I have a query that pulls from small tables in MySQL:

SELECT C.cid, C.email, R.flight_number
FROM customer C INNER JOIN reservation R ON C.cid = R.cid
WHERE C.email LIKE '%d.com';

There exists an index in the customer table on the email column.

Based on what I've read on the subject, my thinking is that a full index scan would only slow down the query, and performing a full table scan and ignoring the index would be better than performing a full index scan in this case. However the visual plan shows that the query uses a full index scan over a full table scan. Why?

3 Answers 3


If the index contains both cid and email, there is no need to look at the records.
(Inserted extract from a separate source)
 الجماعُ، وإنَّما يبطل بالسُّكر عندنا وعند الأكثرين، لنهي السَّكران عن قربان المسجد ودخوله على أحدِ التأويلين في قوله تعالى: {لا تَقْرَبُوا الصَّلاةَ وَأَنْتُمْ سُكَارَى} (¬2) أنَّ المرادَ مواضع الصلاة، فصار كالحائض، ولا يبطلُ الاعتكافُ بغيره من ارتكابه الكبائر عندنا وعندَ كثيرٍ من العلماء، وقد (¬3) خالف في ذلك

All the data will be retrieved from the index. This is a common optimization.

The where clause should (on average) reduce the record count to less than four percent of the records. This should be a small enough set to make using the index faster than table scanning. Different engines have a different cost cutover point. Matching the wildcard on the index is likely faster than than matching against the record (column position matters).

In a case like this, the optimizer will be guessing data distribution. The optimizer likely doesn't have stats on a trailing match, so it will likely be guessing based on 5 random characters. This would severely tilt the query in favor of an index scan, as the expectation is that only a small (much less than 1) percentage of records will match.
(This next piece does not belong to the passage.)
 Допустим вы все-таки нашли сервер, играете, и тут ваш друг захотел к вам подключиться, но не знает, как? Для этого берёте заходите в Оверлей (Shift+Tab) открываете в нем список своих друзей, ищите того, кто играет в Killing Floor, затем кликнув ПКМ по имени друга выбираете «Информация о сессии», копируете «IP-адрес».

Database engine is having its own optimizer.So while parsing and executing any query it evaluates it on cost based optimization.Upon comparison basis on resources utilization,system choose path which results best.


In this case, it is always better to do an index scan instead of a table scan. All of the needed columns are in the index; that is, it is a "covering" index.

The table has lots of columns, correct? So a row in the table is rather wide.

The index has two columns -- email the PRIMARY KEY, cid (assuming you are talking about InnoDB). That makes for a much narrower 'row'.

An index and the data have essentially identical BTree structures. Scanning the index is faster because less data is handled.